§ **Available records**
------------------------
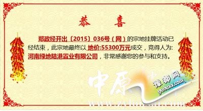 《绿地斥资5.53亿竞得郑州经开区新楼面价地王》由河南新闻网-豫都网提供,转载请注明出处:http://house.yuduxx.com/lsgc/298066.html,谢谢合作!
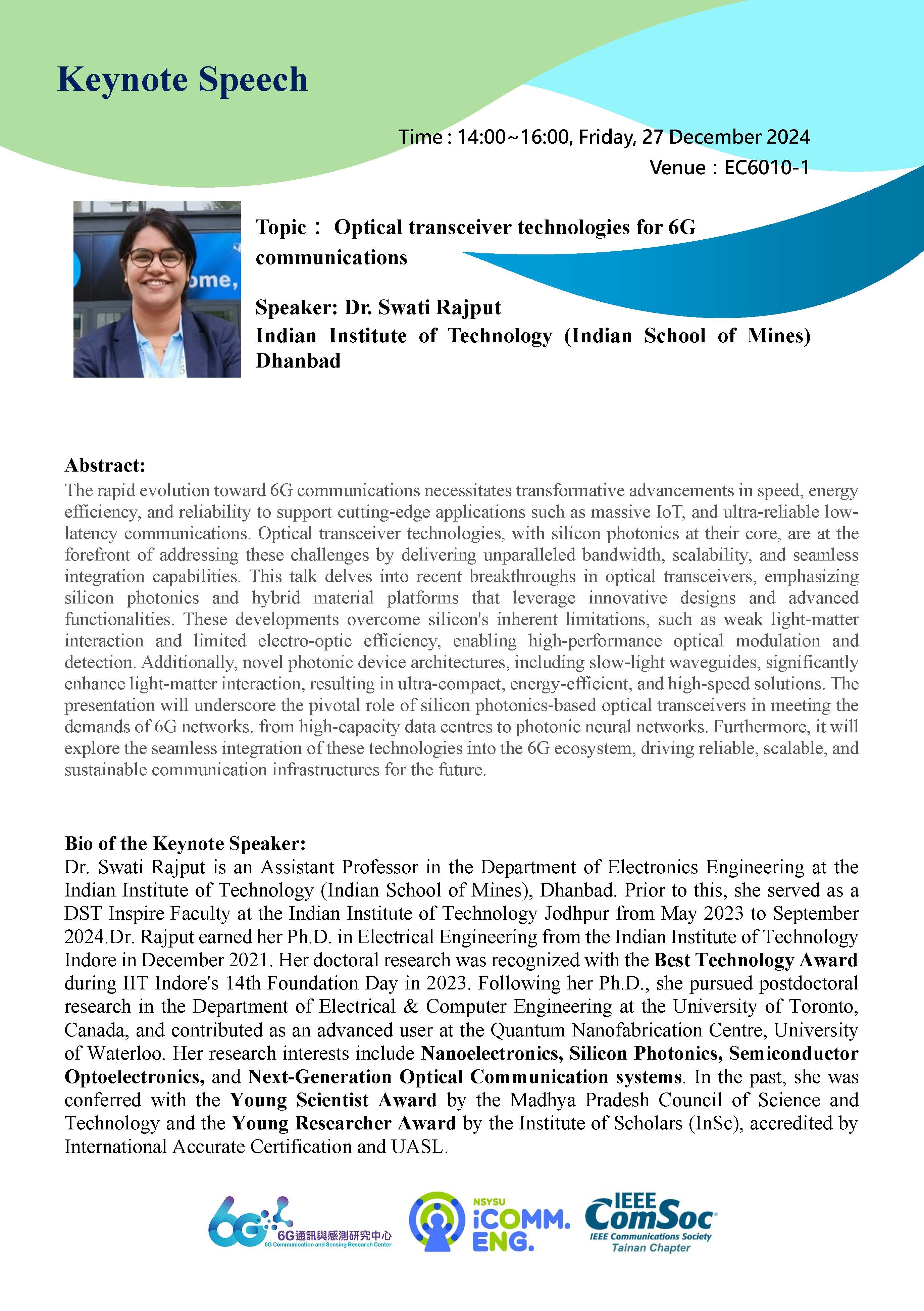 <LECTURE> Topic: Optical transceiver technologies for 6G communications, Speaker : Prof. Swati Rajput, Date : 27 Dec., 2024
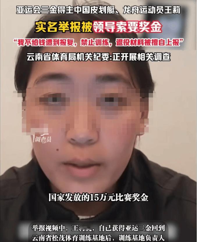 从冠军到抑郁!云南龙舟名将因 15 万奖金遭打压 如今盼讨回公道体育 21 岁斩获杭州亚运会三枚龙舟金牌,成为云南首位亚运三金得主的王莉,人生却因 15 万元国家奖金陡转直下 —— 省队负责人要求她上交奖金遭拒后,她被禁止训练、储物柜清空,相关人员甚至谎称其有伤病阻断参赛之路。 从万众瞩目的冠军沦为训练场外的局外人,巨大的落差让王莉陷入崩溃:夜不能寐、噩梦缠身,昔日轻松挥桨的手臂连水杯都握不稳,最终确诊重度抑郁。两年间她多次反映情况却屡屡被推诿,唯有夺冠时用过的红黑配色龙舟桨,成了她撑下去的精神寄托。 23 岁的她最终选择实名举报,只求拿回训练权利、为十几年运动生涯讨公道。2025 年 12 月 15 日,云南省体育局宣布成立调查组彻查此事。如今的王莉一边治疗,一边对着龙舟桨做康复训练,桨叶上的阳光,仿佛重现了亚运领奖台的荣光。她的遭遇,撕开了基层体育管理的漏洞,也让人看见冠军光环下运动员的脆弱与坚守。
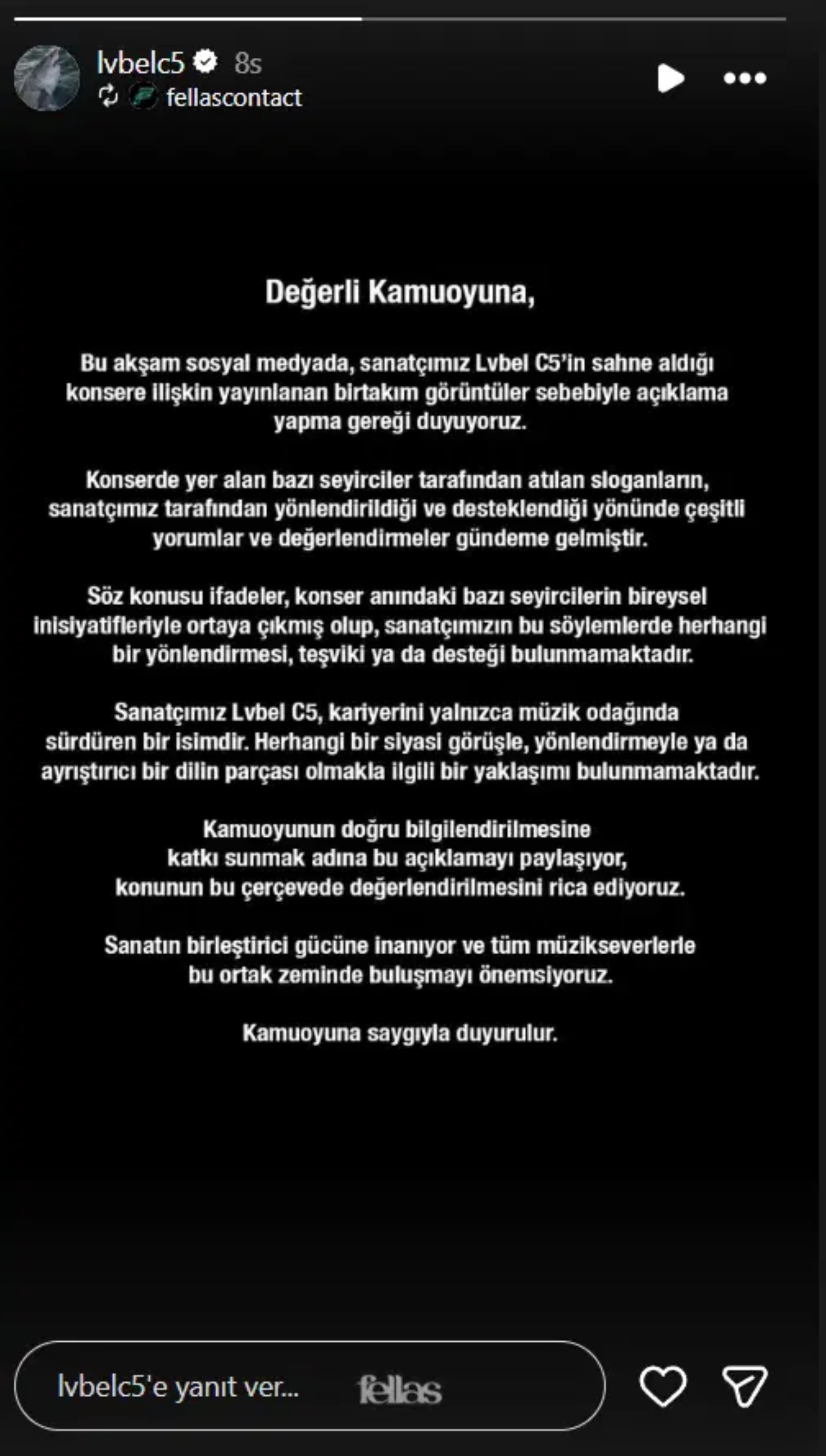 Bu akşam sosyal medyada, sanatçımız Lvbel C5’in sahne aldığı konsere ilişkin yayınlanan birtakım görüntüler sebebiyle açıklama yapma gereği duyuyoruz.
------------------------
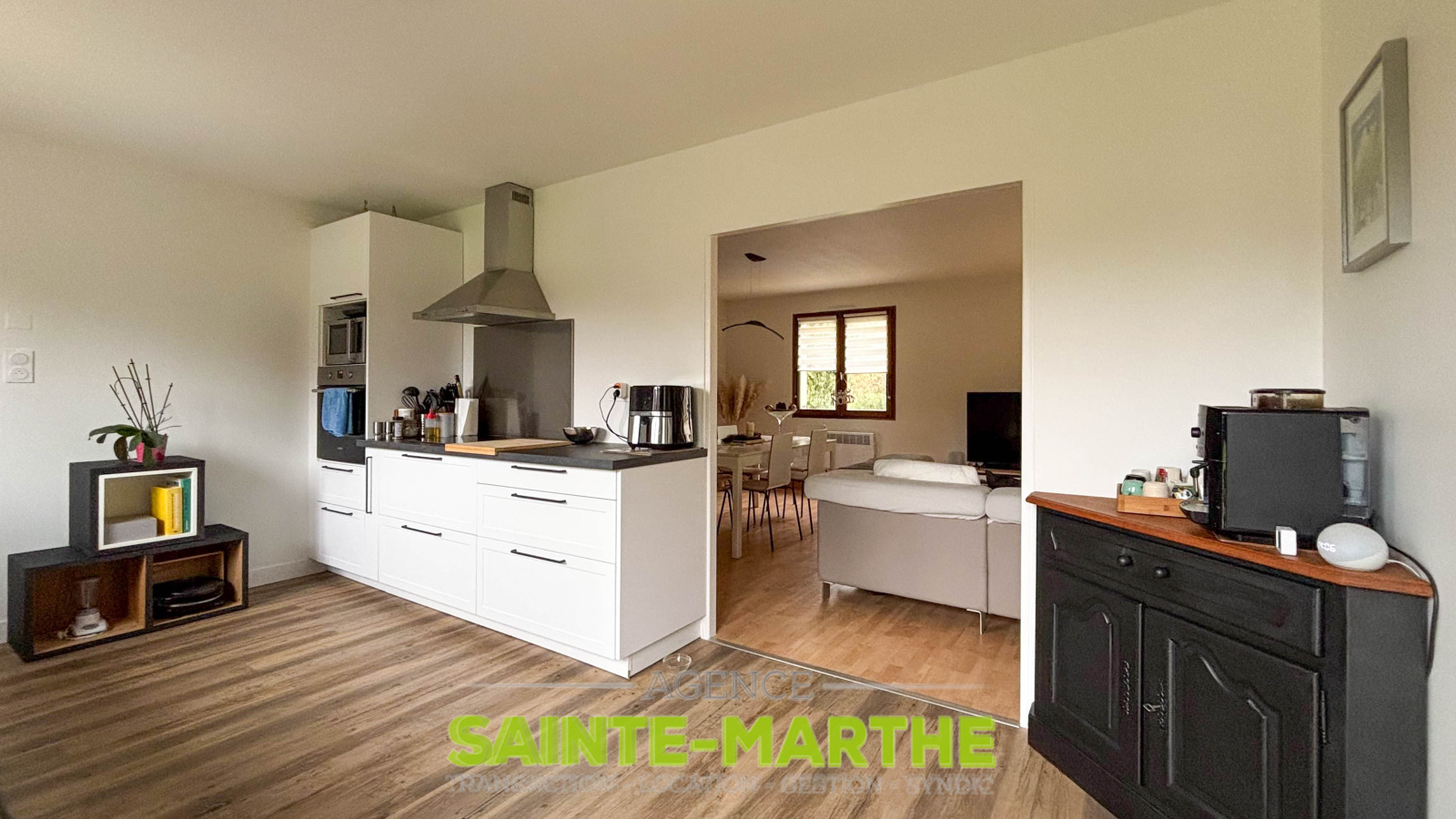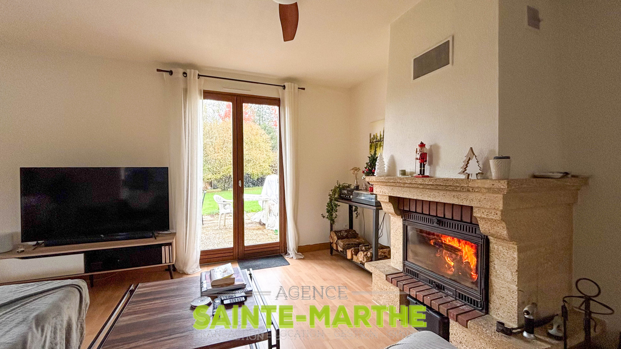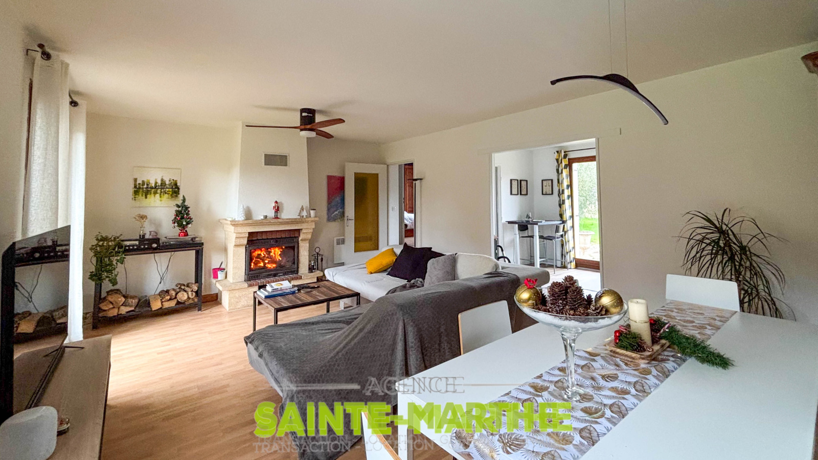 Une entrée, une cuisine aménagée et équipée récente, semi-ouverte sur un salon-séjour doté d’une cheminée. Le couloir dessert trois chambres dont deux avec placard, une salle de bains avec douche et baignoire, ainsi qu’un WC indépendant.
------------------------
§ **How to complete this task**
Look above for the line with "从冠军到抑郁!云南龙舟名将因 15 万奖金遭打压", then give again exactly every line from there through the line with "Bu akşam sosyal", skipping the pictures.

§ **Exercise response**
 从冠军到抑郁!云南龙舟名将因 15 万奖金遭打压 如今盼讨回公道体育 21 岁斩获杭州亚运会三枚龙舟金牌,成为云南首位亚运三金得主的王莉,人生却因 15 万元国家奖金陡转直下 —— 省队负责人要求她上交奖金遭拒后,她被禁止训练、储物柜清空,相关人员甚至谎称其有伤病阻断参赛之路。 从万众瞩目的冠军沦为训练场外的局外人,巨大的落差让王莉陷入崩溃:夜不能寐、噩梦缠身,昔日轻松挥桨的手臂连水杯都握不稳,最终确诊重度抑郁。两年间她多次反映情况却屡屡被推诿,唯有夺冠时用过的红黑配色龙舟桨,成了她撑下去的精神寄托。 23 岁的她最终选择实名举报,只求拿回训练权利、为十几年运动生涯讨公道。2025 年 12 月 15 日,云南省体育局宣布成立调查组彻查此事。如今的王莉一边治疗,一边对着龙舟桨做康复训练,桨叶上的阳光,仿佛重现了亚运领奖台的荣光。她的遭遇,撕开了基层体育管理的漏洞,也让人看见冠军光环下运动员的脆弱与坚守。
 Bu akşam sosyal medyada, sanatçımız Lvbel C5’in sahne aldığı konsere ilişkin yayınlanan birtakım görüntüler sebebiyle açıklama yapma gereği duyuyoruz.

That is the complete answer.